In the final step of Database Design, Joe Celko gives a simple but effective explanation of the normalization process and why it is important.
Where is the wisdom?
Lost in the knowledge.
Where is the knowledge?
Lost in the information.
— T. S. Eliot —
Where is the information?
Lost in the data.
Where is the data?
Lost in the #@%&! database!
— Joe Celko —
So I am not the poet that T. S. Eliot is, but I can safely say he never wrote a computer program. However, I agree with his point about wisdom and information. And if he knew the distinction between data and information, I like to think that he would have agreed with mine.

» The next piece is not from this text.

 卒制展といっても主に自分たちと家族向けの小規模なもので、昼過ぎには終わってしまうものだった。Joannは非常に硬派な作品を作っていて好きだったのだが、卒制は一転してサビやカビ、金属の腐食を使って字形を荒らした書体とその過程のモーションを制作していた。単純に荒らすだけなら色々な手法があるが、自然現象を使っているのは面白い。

I find it strange that most database programmers do not know about data qua data. The closest thing they are taught is the basic data types in some particular programming language. In fact, I have found that most of the younger programmers have not had anything beyond the basic descriptive statistics. Beyond that, nobody is taught about measurement theory, encoding scheme design, check digits, the standardization process, or anything related to data qua data.
What is Data?
“ Data! Data! Data! I can not make bricks without clay.”
— Sherlock Holmes (fictional detective of author Sir Arthur Conan Doyle)

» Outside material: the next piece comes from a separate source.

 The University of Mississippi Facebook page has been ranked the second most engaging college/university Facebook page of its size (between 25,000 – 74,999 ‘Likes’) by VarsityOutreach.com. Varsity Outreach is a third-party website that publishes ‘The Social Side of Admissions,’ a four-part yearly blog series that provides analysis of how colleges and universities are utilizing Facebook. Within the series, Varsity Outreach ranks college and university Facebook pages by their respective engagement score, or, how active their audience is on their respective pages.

The dictionary definition is that data is facts. Well, that is pretty generic. For purposes of databases, let’s make it more exact, more narrow. We want facts represented in a such a way that they can be manipulated by a computer. Even more than that, we want a digital computer doing that manipulation. We want symbols in a linear language with known, deterministic rules of manipulation.
This narrowed definition disallows maps, pictures, video, music, dance, speeches, literature and a lot of good things that give us information. Life is full of trade-offs. The trade-off here is that a machine can do the heavy lifting for us.

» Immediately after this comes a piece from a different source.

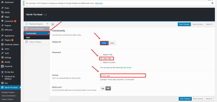 Una vez que haya descargado el complemento y lo haya activado, haga clic en la opción 'Progreso de lectura' en su menú. Continúe y realice los cambios necesarios. Poner un tiempo de lectura generalmente solo se usa para publicaciones, por lo que la mayoría de las personas probablemente elegirán solo esa opción.

Continuous versus Discrete
The most basic distinction we can make is between things that are continuous versus those that are discrete. A discrete set has individual members that you can pick out. Look at a six pack of beer; each can of beer is distinct. We like discrete data because it can be made digital instantly. Each value gets a symbol that we can manipulate. In theory, a set can be countably infinite, but we do not actually find infinite sets lying around in the database world.
In a continuum, you can find individual members, but there are always more members. Look at an analog wall clock; what time is it exactly? The second hand is always moving so the best you can do is to round the time to the nearest minute. Or 1/10 of a second if you are using a stopwatch at a track meet. Or 1/100 of a second if you are a photographer. Maybe nanoseconds if you are an electrical engineer.
This disconnection between continuous and discrete data is where Calculus came from. But for database purposes, we have to find ways of making a continuum fit into a discrete digital model. Keep this problem in mind when we get to floating point numbers, and temporal data.
Quantitative versus Qualitative
Quantitative data allows for mathematical operations. It makes sense to “do math on” things. It makes sense to add kilograms to kilograms and get kilograms. This is possible because a quantity of a thing is uniform in its nature. I have a dozen eggs.
Qualitative data assumes things are not uniform. Individual elements in the set have attributes that vary from one element to the next. For example, given two eggs, one is a Grade ‘A’ egg and the other is a Grade ‘B’ egg. Sometime this is a summary of quantitative factors – shape, size, weight, color, etc. – but it can also be a judgment call. Is an all-A omelet as good as an A-B omelet with truffles?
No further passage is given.